Factual · Powerful · Original · Iconoclastic
. . . it was a bit like going to Ramadi. You had to be there to believe it. I liked the odds, three of them against me. Along with Franken, there was Paul Rieckhoff, the executive director and founder of the leftie Iraq and Afghanistan Veterans of America, and Jane Arraf, a press fellow at the Council on Foreign Relations and the former Baghdad bureau chief for CNN. Asked if I thought Americans were getting the real story from Iraq, I said no and much of the blame lay with reporters who refuse to leave their Baghdad hotels. Instead they rely on wholly unreliable stringers. I said if they didn't have the guts to go out to get the stories, they had no place taking the slot of somebody else who might. Naturally Arraf leapt to the media's defense, talking about the dangers of being shot down by a missile while landing in Baghdad, the dangers of the airport road to the Green Zone . . . I cut her off. Nobody has ever been shot down landing at that airport and virtually nobody has been killed on that road this year. Reporters come in by armored bus or helicopter. She was spewing reporter bravado, I said, and I didn't want to hear it because there are brave reporters who truly do risk their lives. Here's where it gets unbelievable. She told me I had no idea how bad a Baghdad hotel could be!

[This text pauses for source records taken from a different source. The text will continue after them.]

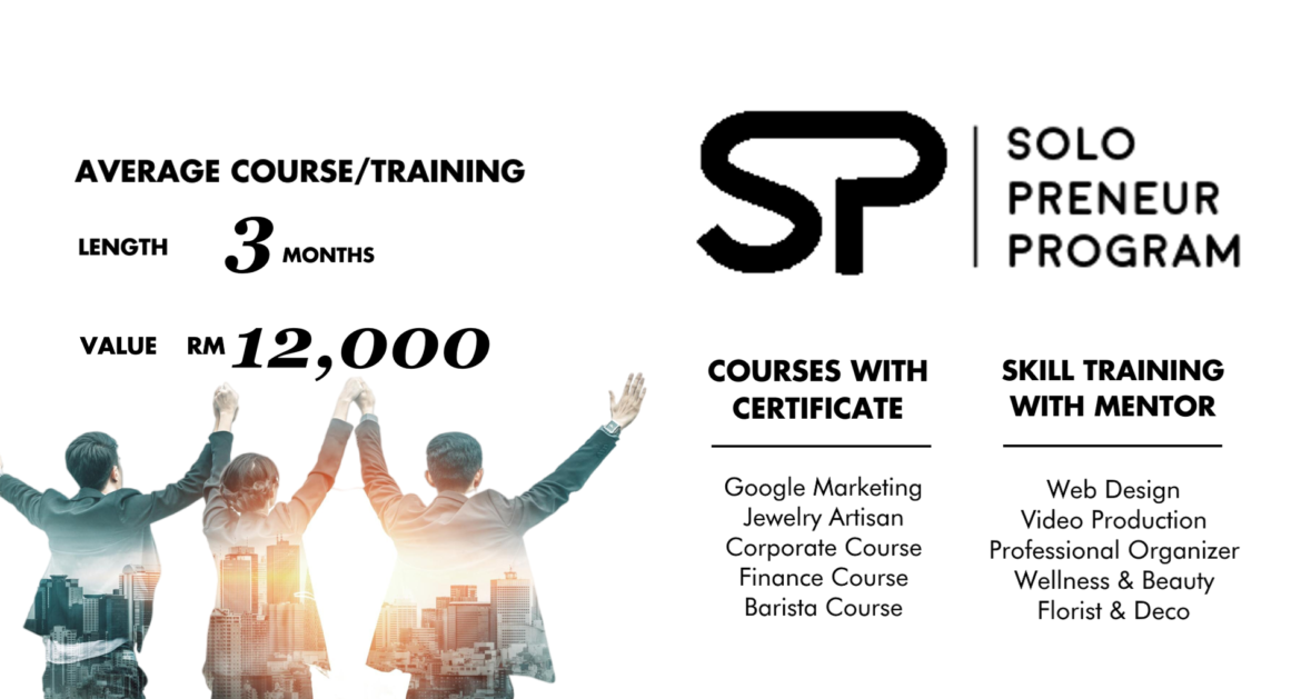 Enroll in our Solo-Preneur Program (SPP) for FREE 3-months courses (valued at RM12,000 averagely), complete with a qualified certificate or skills to transform your career and life.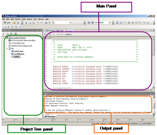 Main panel : Displays the panel (Device Top View panel, Code Generator panel, etc.) corresponding to the function selected in the Project Tree.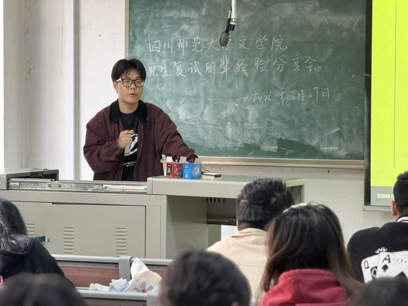 3月27日中午12点30分,文学院2022级考研复试朋辈经验分享会在狮子山校区第七教学楼314教室举行。本次活动特邀四位文学院在读优秀研究生代表作经验分享,2022级考研学生代表参与了本次活动。

Holy cow! I just came back from being machine-gunned, mortared, and sniped and she's complaining that the linen is sometimes dirty at the Al Rashid?

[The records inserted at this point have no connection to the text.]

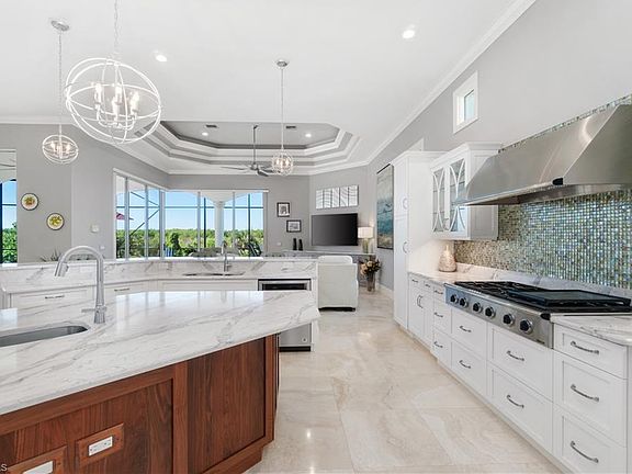H12669 Magnificent Audubon Estate Home with stunning lake, preserve, and sunset views. This Beautiful home is located on a 0.6-acre estate lot offered in Audubon Golf & Country Club. This North Naples' property was beautifully renovated with a Western exposure for prime sun on the spacious pool deck. Relax & unwind in the extremely private & fully screened-in pool/spa with ample living space & an outdoor kitchen – perfect for entertaining. This coastal contemporary home is finely appointed with marble & tile floors, an open floor plan & fully pocketing sliders. Gorgeous chef’s kitchen was recently renovated & features custom cabinetry, professional grade appliances & a gas range. Delight in 4 bedrooms/den with a large master suite, newly renovated master bath & guest suite on the first floor! The 2nd floor features 2 guest rooms & a spacious terrace overlooking the beautiful water views. Lushly landscaped for ultimate privacy. Audubon is perfectly located 5-minutes from Mercato & world-class beaches, with gated/guarded entry, 18-hole championship Golf Course, tennis, pickleball, Bayside boardwalk, newly renovated clubhouse with dining & spectacular poolside club & café.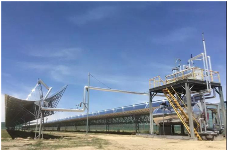 2016年,龙腾光热与德国瓦克化学联合开展了新一代导热油槽式集热系统示范项目,将一条600m标准槽式集热回路中的导热油替换为硅油,改造后的系统进入425℃的长期高温运行状态,成功实现了导热油系统从390℃到425℃的全球领先突破。2017年9月该系统获得国际能源署太阳能热发电和化学能组织颁发的“SolarPACES 2017技术创新奖”。在此基础上,中国可再生能源规模化发展二期项目对“基于硅油介质的槽式太阳能高温集热管的关键技术研发”进行了支持。项目重点开展了适用于430℃集热管的选择吸收膜层技术、集热管相关结构优化技术及其真空获得与长寿命维持技术,通过技术提升,满足该硅油电站对集热管在耐高温、高压、真空获得与长寿命维持及其结构可靠性等方面的技术要求。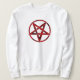 Pentagrama vermelho, invertido, texturizado em círculo, sobre fundo branco. Símbolo oculto. 666

Turns out I just couldn't win. Later Rieckhoff commented on my having left the womb of hotel land by saying there are civilians who just love seeing combat, giving it some derogatory name that I don't recall but basically equates with "adrenaline junkie." So get this. If you don't report from where the action is, you're a chickenhawk or chairborne ranger. If you DO, you're pathological. Thank you very much for that analysis, Paul! I hope the book you're hawking sells one copy and that when your mom is through with it she takes it back to the store for a refund.